Re: LSB1.1: /proc/cpuinfo

From: Erik Andersen (andersen@codepoet.org)
Date: Fri Jan 04 2002 - 03:18:02 EST


On Thu Jan 03, 2002 at 07:52:07PM -0500, Eric S. Raymond wrote:
> Alexander Viro <viro@math.psu.edu>:
> > It's more than just a name.
> > a) granularity. Current "all or nothing" policy in procfs has
> > a lot of obvious problems.
> > b) tree layout policy (lack thereof, to be precise).
> > c) horribly bad layout of many, many files. Any file exported by
> > kernel should be treated as user-visible API. As it is, common mentality
> > is "it's a common dump; anything goes here". Inconsistent across
> > architectures for no good reason, inconsistent across kernel versions,
> > just plain stupid, choke-full of buffer overruns...
> >
> > Fixing these problems will _hurt_. Badly. We have to do it, but it
> > won't be fast and it certainly won't happen overnight.
>
> I'm willing to work on this. Is there anywhere I can go to read up on
> current proposals before I start coding?

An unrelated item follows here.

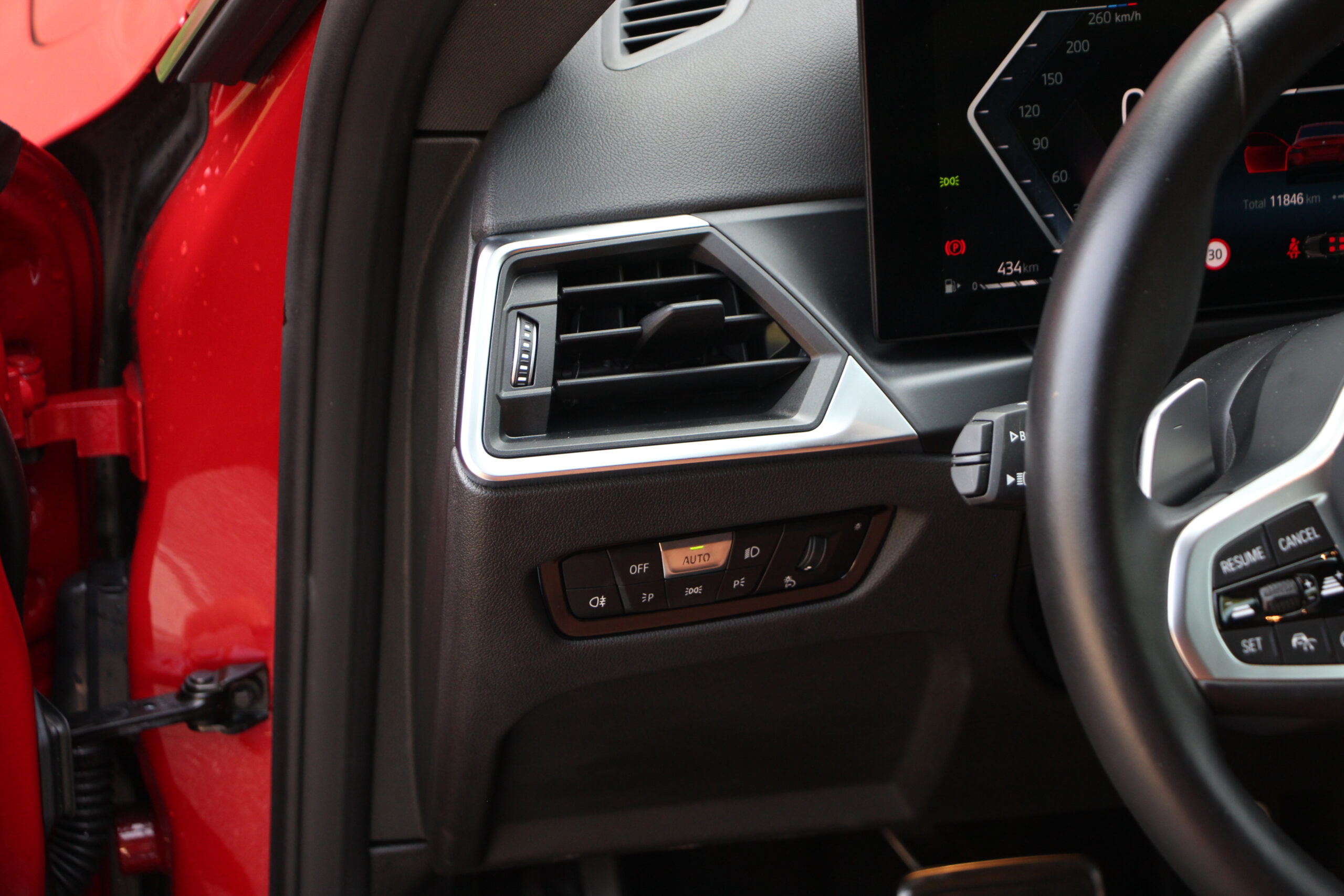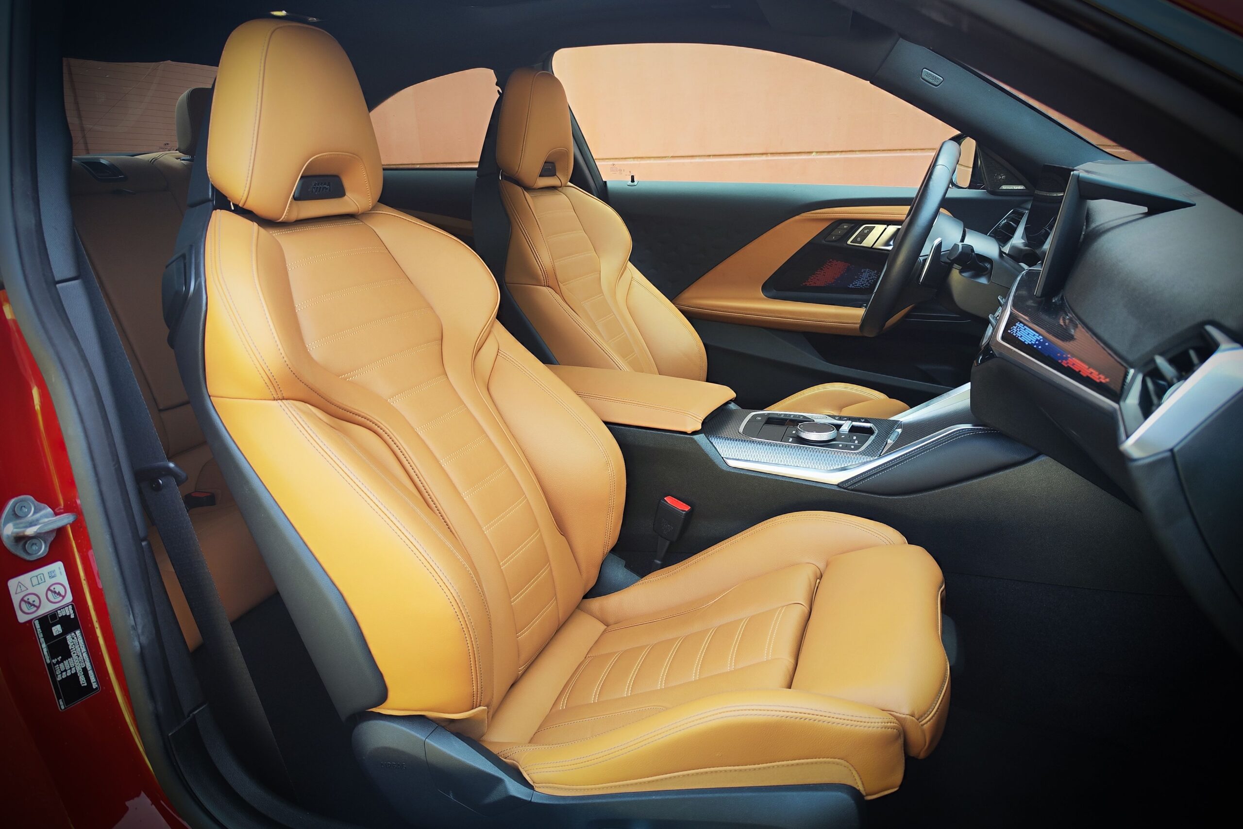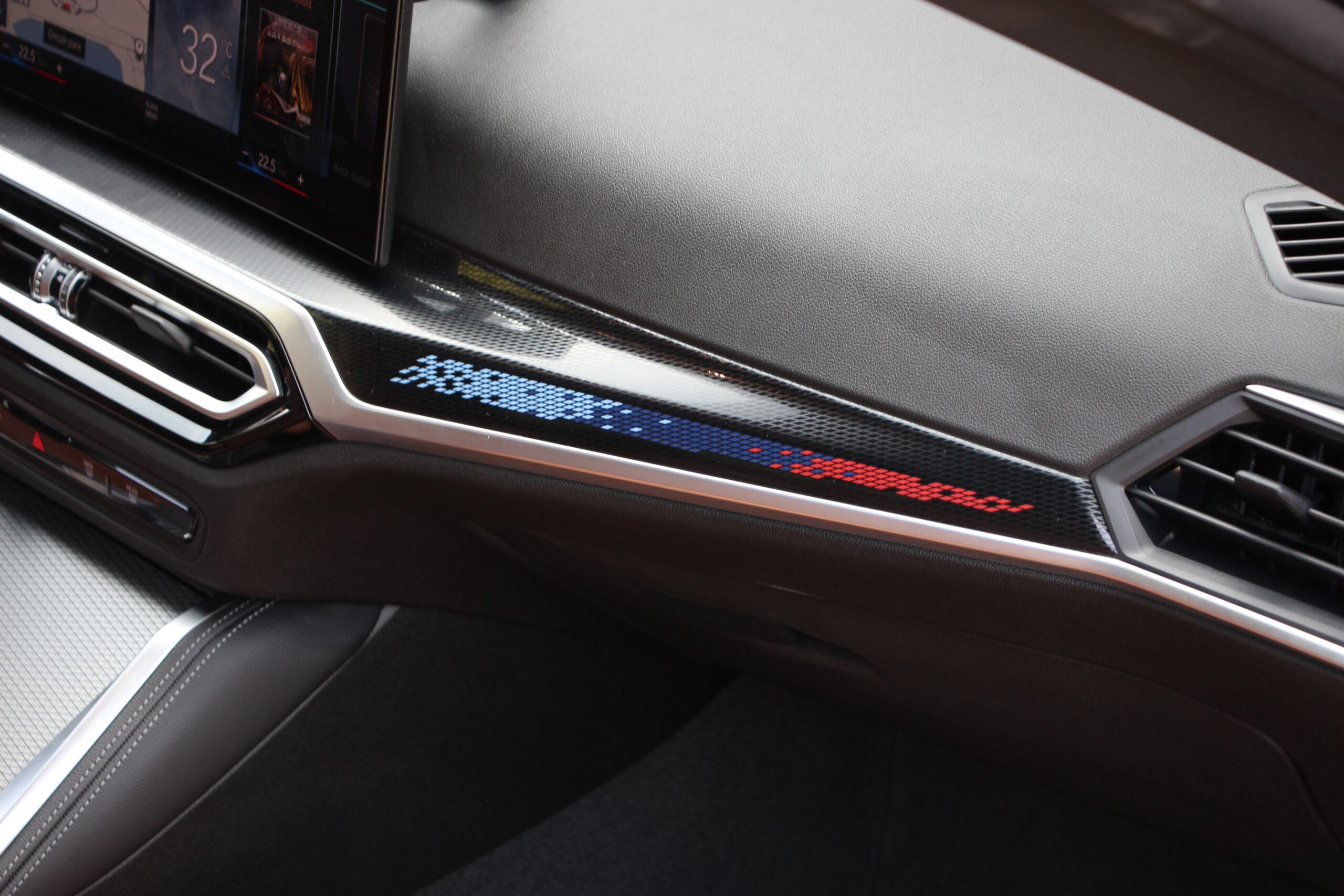 Talán mondanom sem kell, hogy az utastér a BMW-nél széles határok között személyre szabható, a tesztautókat általában kimondottan igényesen válogatják össze, így történt ez most is. A konyak műbőr sportülések elképesztően kényelmesek, jól tartanak comb és deréktájon is. Ugyanebből a színű műbőrből jutott az ajtókra is, ahol a BMW sportrészlegének színei adnak megfelelő aláfestést esténként a cirkáláshoz. A műszerfal a márkától megszokott, technokrata hangulatú a nagy digitális képernyőkkel. Továbbra is csak a kormánykerék vastagságába tudok belekötni, ezt már igazán elengedhetnék a bajorok. Viszont a rövidségéhez képest használhatók a hátsó ülések, persze hosszabb távra ide ne ültesetek felnőtteket, sőt, a 390 literes csomagtér se kicsi. Na jó, azért annyira nem is kicsi, mert 4,5 méter hosszú, a tengelytávolsága pedig 2,74 méter, szóval ez a 3-as sorozat platformjára épül, de annál viszont tényleg szűkösebb.

I once wrote up /dev/ps and /dev/mounts drivers to eliminate proc
for embedded systems (pointer available if you care). It was not
warmly received, but I did form some opinions in the process.

The main things to think about are
    1) machine readability
        Generally speaking the kernel gods have decided that
        ASCII is good, binary structures and such are bad (think
        endiannes, nfs exports, and similar oddness).
    2) typing
        Right now, if some /proc file prints a number, user space
        has to go digging about in the kernel sources to find
        what type that thing is -- int, uint, long, long long, etc.
        Cant tell without digging in the source. And what if
        someone then changes the type next week -- userspace
        then overflows.
    3) field length
        When coping a string from /proc (say /proc/mounts),
        userspace has to go digging in the kernel source to
        find the field length. So if I copy things into a
        static buffer, I may be fine. Till someone changes
        the kernel to print out a bit more stuff. Then I've
        either got a buffer overflow (if I can't code) or a
        truncated string. Either way, its a problem.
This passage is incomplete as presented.